**WHAT THIS TASK INVOLVES**: For the entries below, repeat exactly each line starting with the one that contains "Abb. 1 Steingeld" and going on through the one that contains "Diese außergewöhnliche Geldform", and no others.

**TASK INPUTS**:
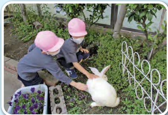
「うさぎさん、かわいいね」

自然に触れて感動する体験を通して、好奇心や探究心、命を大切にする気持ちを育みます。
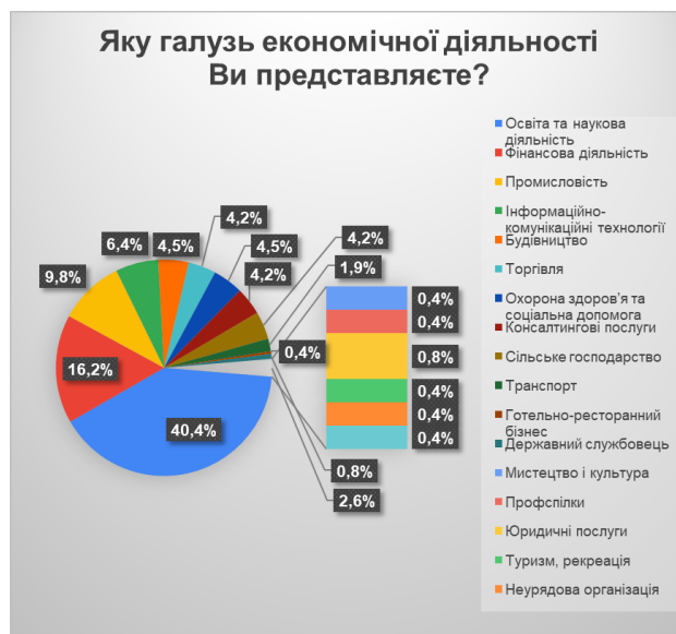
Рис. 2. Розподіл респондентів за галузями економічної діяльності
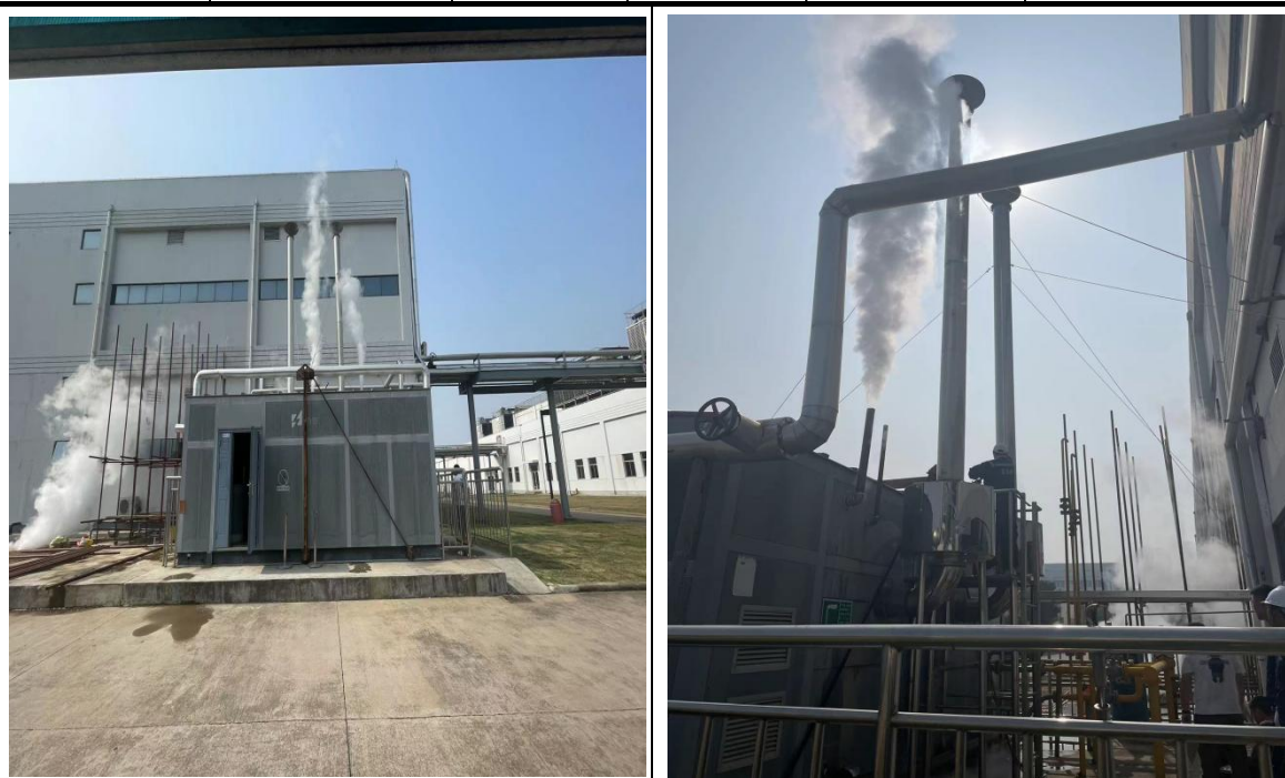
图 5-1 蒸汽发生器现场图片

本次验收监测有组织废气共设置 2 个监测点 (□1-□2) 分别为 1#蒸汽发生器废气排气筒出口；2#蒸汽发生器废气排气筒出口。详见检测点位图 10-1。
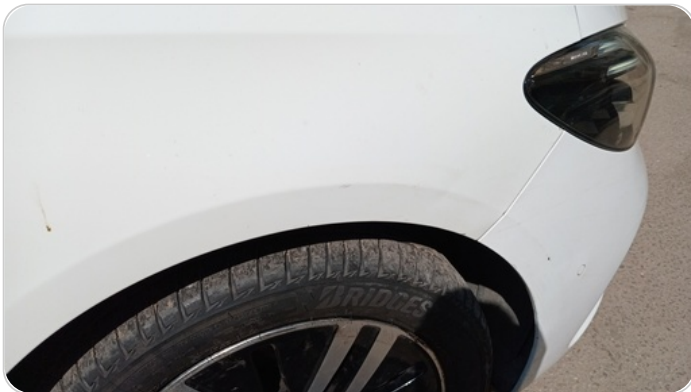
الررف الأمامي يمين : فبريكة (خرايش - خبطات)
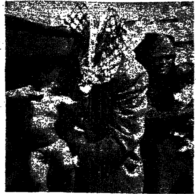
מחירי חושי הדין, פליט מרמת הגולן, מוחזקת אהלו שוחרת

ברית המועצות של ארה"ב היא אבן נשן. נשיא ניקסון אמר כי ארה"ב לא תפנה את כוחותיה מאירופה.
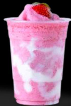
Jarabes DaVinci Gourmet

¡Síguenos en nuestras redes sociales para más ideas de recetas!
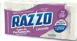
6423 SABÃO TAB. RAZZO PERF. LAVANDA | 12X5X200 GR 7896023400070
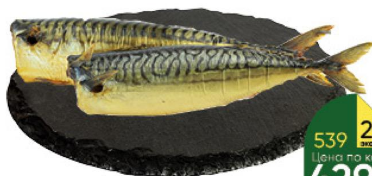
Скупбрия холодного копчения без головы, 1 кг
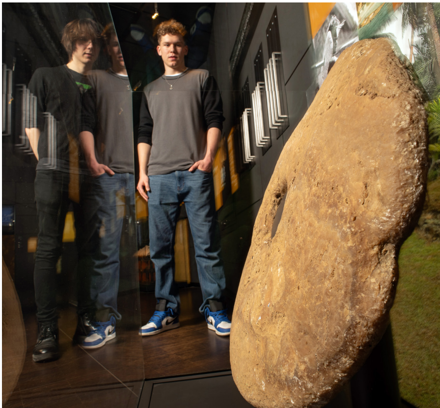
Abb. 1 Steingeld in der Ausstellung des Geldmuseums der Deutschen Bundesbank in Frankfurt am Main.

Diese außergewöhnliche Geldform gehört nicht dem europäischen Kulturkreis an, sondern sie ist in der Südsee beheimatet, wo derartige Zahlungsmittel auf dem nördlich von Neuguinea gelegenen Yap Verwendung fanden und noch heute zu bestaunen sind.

==

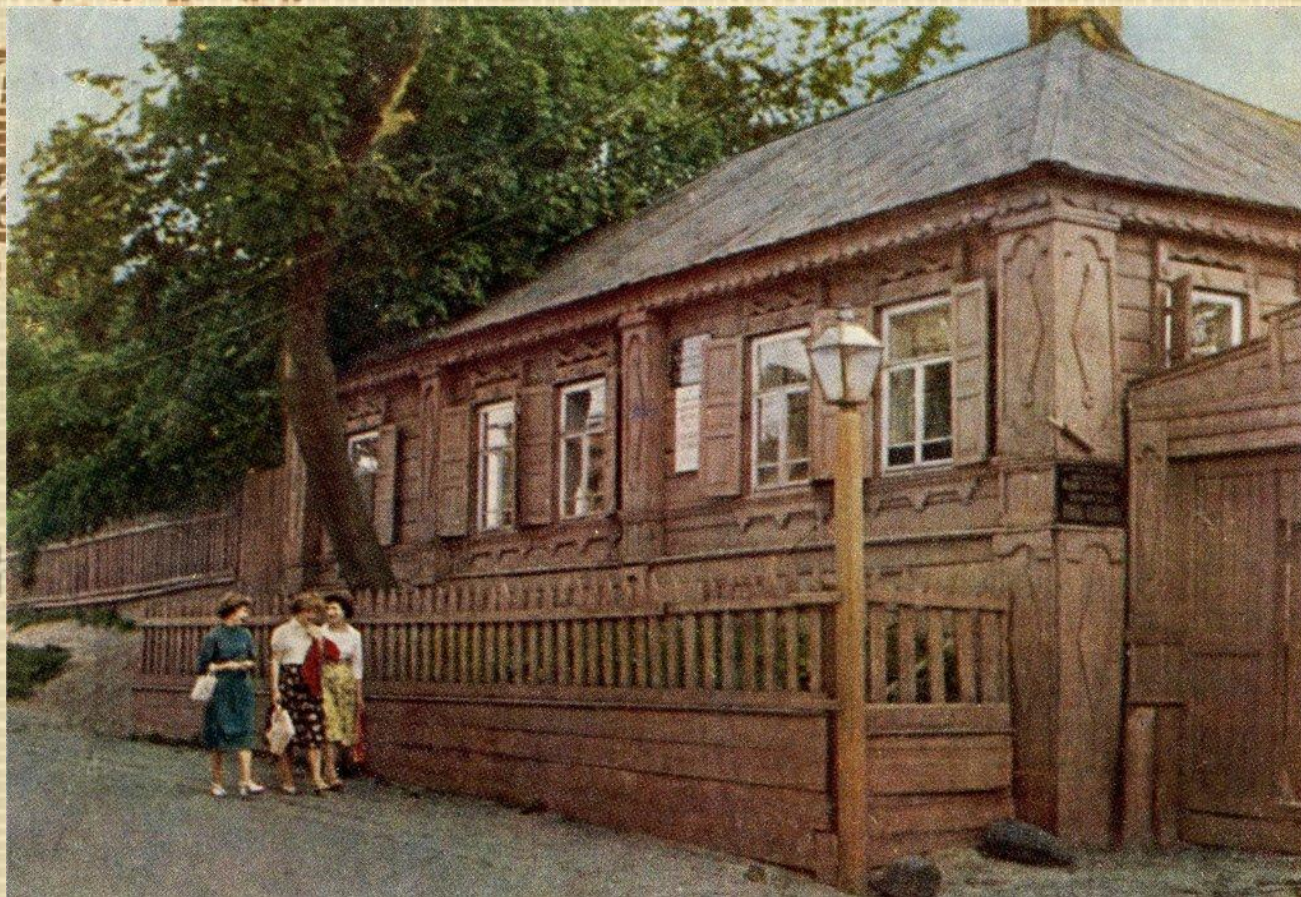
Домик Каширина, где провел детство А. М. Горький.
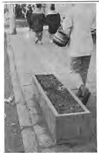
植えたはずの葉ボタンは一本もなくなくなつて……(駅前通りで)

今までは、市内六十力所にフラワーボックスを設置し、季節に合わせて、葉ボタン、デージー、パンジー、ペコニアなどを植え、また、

**SOLUTION**:
Abb. 1 Steingeld in der Ausstellung des Geldmuseums der Deutschen Bundesbank in Frankfurt am Main.

Diese außergewöhnliche Geldform gehört nicht dem europäischen Kulturkreis an, sondern sie ist in der Südsee beheimatet, wo derartige Zahlungsmittel auf dem nördlich von Neuguinea gelegenen Yap Verwendung fanden und noch heute zu bestaunen sind.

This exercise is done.